Biarritz, escapada en familia al País Vasco francés

Escrito por la redacción de THE MOTHERS.


Biarritz es la joya del País Vasco francés. Situado a tan solo veinte minutos de la frontera española, Biarritz es un lugar perfecto para una escapada de fin de semana o unos días de vacaciones en familia: pasear por su casco histórico, visitar el acuario, hacer surf, probar su gastronomía… Lo visitamos.

Biarritz, escapada en familia al País Vasco francés

Situada a pocos kilómetros de la frontera con España, Biarritz mezcla tradición marinera, ambiente surfero y una atracción innata para todos los que la visitan. No enamorarse de su ambiente es casi imposible. La ciudad puede recorrerse cómodamente a pie y, lo mejor: está construida mirando al océano. El sonido constante de las olas acompaña desde primera hora de la mañana hasta el atardecer, cuando las terrazas frente al mar se llenan de familias, surfistas y viajeros que simplemente buscan disfrutar de la tranquilidad del atardecer.

Ruta por la ciudad

El mejor lugar para comenzar el recorrido por este pequeño gran pueblo es la Grande Plage, la playa más conocida de Biarritz. Aunque en verano puede llenarse, sigue siendo muy práctica para las familias porque cuenta con amplios servicios, socorristas y espacio suficiente para pasar varias horas.

Desde allí merece la pena caminar hasta el Rocher de la Vierge, probablemente la imagen más reconocible de la ciudad. La pasarela metálica que conduce al peñón ofrece unas vistas espectaculares del Atlántico.

Biarritz, escapada en familia


Muy cerca del Rocher de la Vierge se encuentra el pequeño puerto pesquero, Port des Pêcheurs, uno de los rincones más auténticos de Biarritz, con casitas tradicionales y unos restaurantes a pie de puerto que os recomendamos: platos sencillos e ingredientes de primera calidad y un pescado fresco de temporada excelente.

Y ya que hablamos de gastronomía, en Biarritz podréis comprobar lo bien que combina la cocina francesa con la tradición vasca: crêpes, los famosos macarons, los platos aderezados con piment de Espelette, el queso de Ossau Iraty, los helados artesanos…

Y tras la comida, un plan que encantará a los peques es visitar el Aquarium. No es gigantesco, pero precisamente por eso resulta manejable con niños pequeños. Las focas y la zona dedicada al Golfo de Vizcaya suelen ser las favoritas. Además, como está situado junto al mar puede combinarse fácilmente con un paseo o una tarde de playa.

Rincones que merecen la pena

Biarritz es una ciudad pequeña, donde todo se puede hacer a pie y el ambiente invita a tomarse la vida con calma. Aquí, lo que mejor funciona son los planes sencillos: desayunar en una terraza, caminar junto al mar y dejar tiempo para improvisar.

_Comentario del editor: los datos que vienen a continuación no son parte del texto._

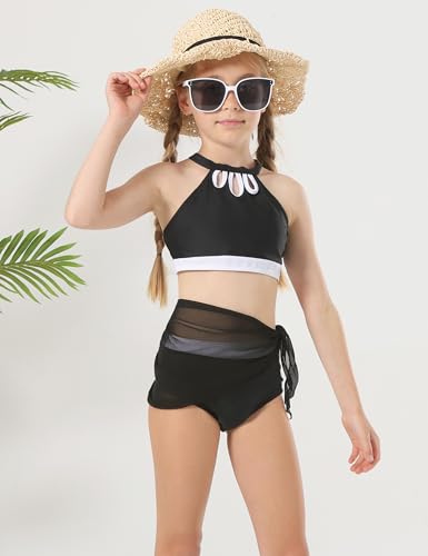 • 🐳 Trendy Design: Featuring a cross-back top with hollow-out neckline, floral prints, and color-block design, this 3 piece bikini set with cover-up skirt offers a stylish, versatile look for girls
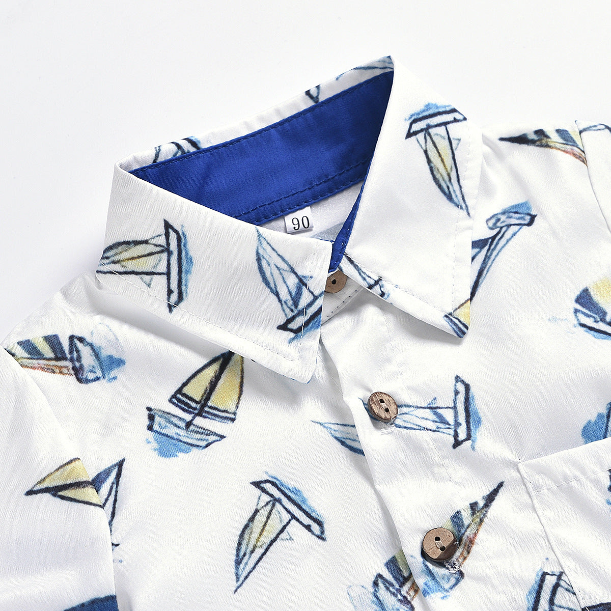爽やかに映える セーリングヨット柄 半袖シャツ&ショートパンツセット(90~130cm)

Una parada muy bonita es el Plateau de l’Atalaye y el faro. La subida requiere algo de energía, pero las vistas compensan el esfuerzo, especialmente en días despejados.

Biarritz no necesita grandes artificios. Entre el océano, las calles tranquilas y la sensación constante de estar de vacaciones, la ciudad ofrece exactamente lo que muchas familias buscan para una escapada corta: tiempo juntos y la impresión de haber desconectado de verdad.

¿Sabías que…?

Aunque hoy se asocia sobre todo al surf y al turismo familiar, Biarritz alcanzó fama internacional en el siglo XIX gracias a la realeza europea. La emperatriz Eugenia de Montijo, esposa de Napoleon III, se enamoró de este antiguo pueblo ballenero y convenció al emperador para construir aquí una residencia de verano frente al Atlántico, el actual Hôtel du Palais. A partir de entonces, la aristocracia y distintas casas reales comenzaron a pasar temporadas en la ciudad, transformando Biarritz en uno de los grandes destinos elegantes de Europa.